Monday, November 22, 2010

Joseph K at the Gate Theatre


It begins with a knock at the door. From the moment on his thirtieth birthday when two blandly efficient men in suits arrest Joseph K for an unspecified crime his life starts to crumble.

His mobile phone no longer works, a block has been put on his passport and he can only withdraw £20 at a time from a cash point. Even the radio appears to have it in for him.

Comedian Tom Basden’s effective contemporary reworking of Kafka’s The Trial is a playful yet tense and sinister piece of writing. The predicament of the lead character slots all too easily into a recognisable world of communicative brick walls and social alienation.

Joseph K, increasingly desperate to escape the charges against him, attempts to battle a system designed to send him in endless loops. He is pitched into an ocean of paperwork, automated telephone systems, and smiling employees with HNDs in empathy but no capacity to actually help him; release is always just teasingly out of reach.

Basden takes some targeted swipes, particularly at the inanity of radio talk shows, but the production’s strengths lie in the general sense of powerlessness and impotence Joseph feels in the face of the tyranny of bureaucracy – something that’s as potent as it’s ever been. It’s this idea of inescapability that lingers, this and the idea of an inevitable drip-down: even as his confidence and sanity deteriorate, Joseph is shown treating others with the same offhand callousness with which the system is treating him.

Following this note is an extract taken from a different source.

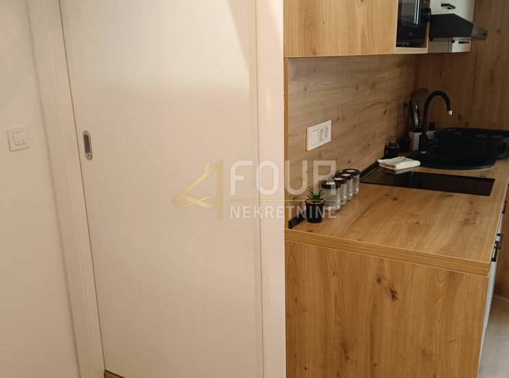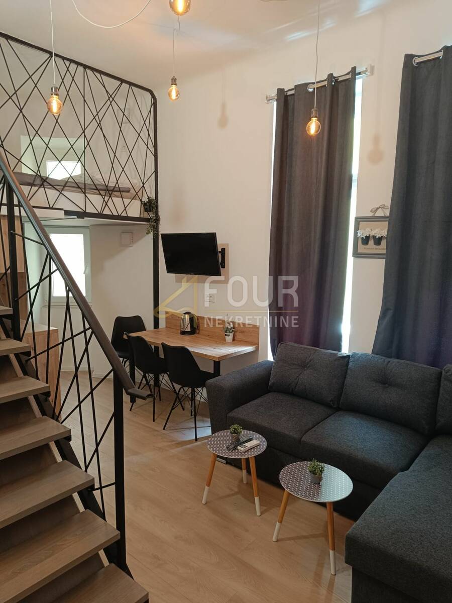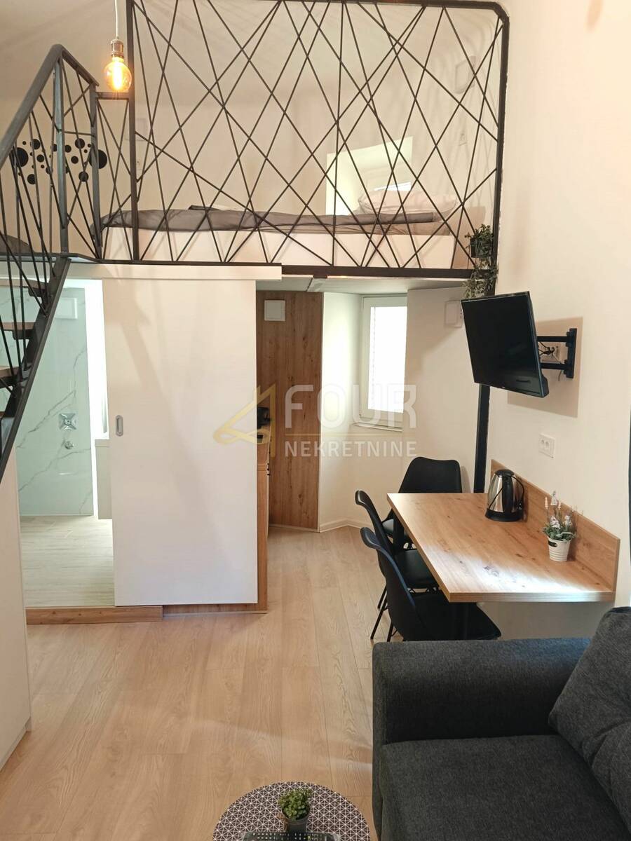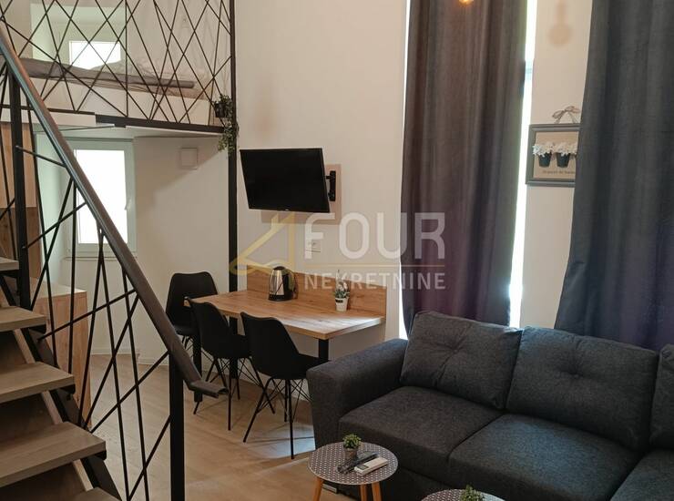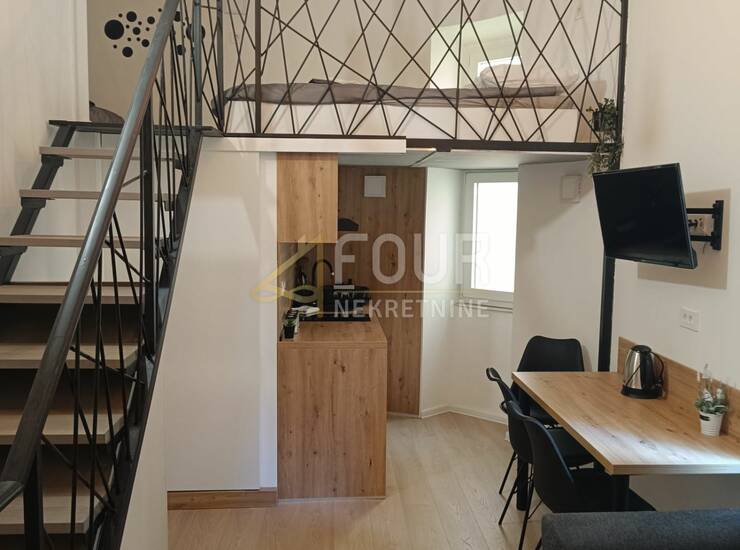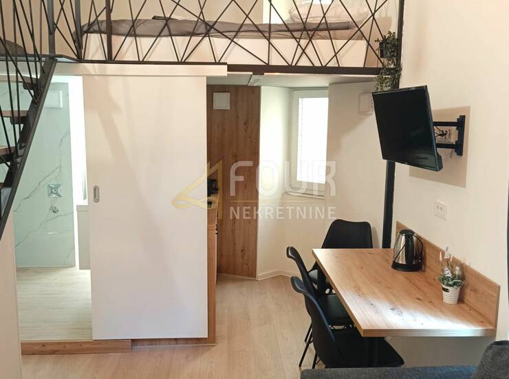 Zahvaljujući visokim stropovima, stan je maksimalno iskorišten te je uređen s dodatnom galerijom koja proširuje korisni prostor - stan ima 19.67m2, ali s galerijskim prostorom 28m2.
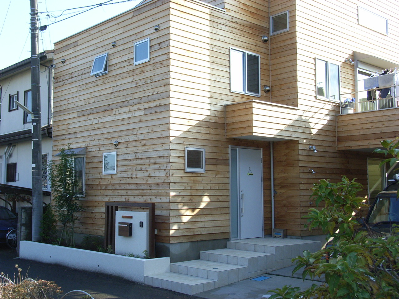 HOME > 外構施工事例 > 門まわり > 板張りの建物に合わせた木調門袖 平塚市

Pip Carter, as Joseph K, is suitably business-like and upright to begin with so that his gradual reduction into desperation and, eventually, into mute supplication are all the more unsettling to watch. Basden, Tim Key and Sian Brooke divide the remaining characters between them and this use of recurring faces is used to underscore Joseph’s paranoia. As in Basden’s previous play, Party, Key is particularly effective as a performer, playing both an arrogant dressing gown-clad lawyer who refuses to deal with clients not conversant in Latin and Joseph’s nervy underling at the bank whose career prospects rest on an appraisal he has repeatedly failed to complete.

Lyndsey Turner’s production maintains a number of balances, between the comic and the chilling, between a recognisable world and something more absurd and extreme. The tiny Gate stage is made to feel remarkably versatile but the pacing at times is a bit jagged, with frequent scene changes that require the donning and shedding of clothes and the rearranging of furniture; the covering fuzz of white noise doesn’t quite prevent these moments from feeling like lulls and from diluting the otherwise not inconsiderable tension.

At times Joseph’s decline can be read as one man’s consumption by mental illness, as he becomes convinced the radio is saying his name and that everyone, his colleagues, and even his brother, is out to get him. But the play twins this with a sense that the system really is out to drive him to edge, that there are walls he’ll never scale no matter how hard he tries and there are innumerable frameworks in place to prevent him from doing just that.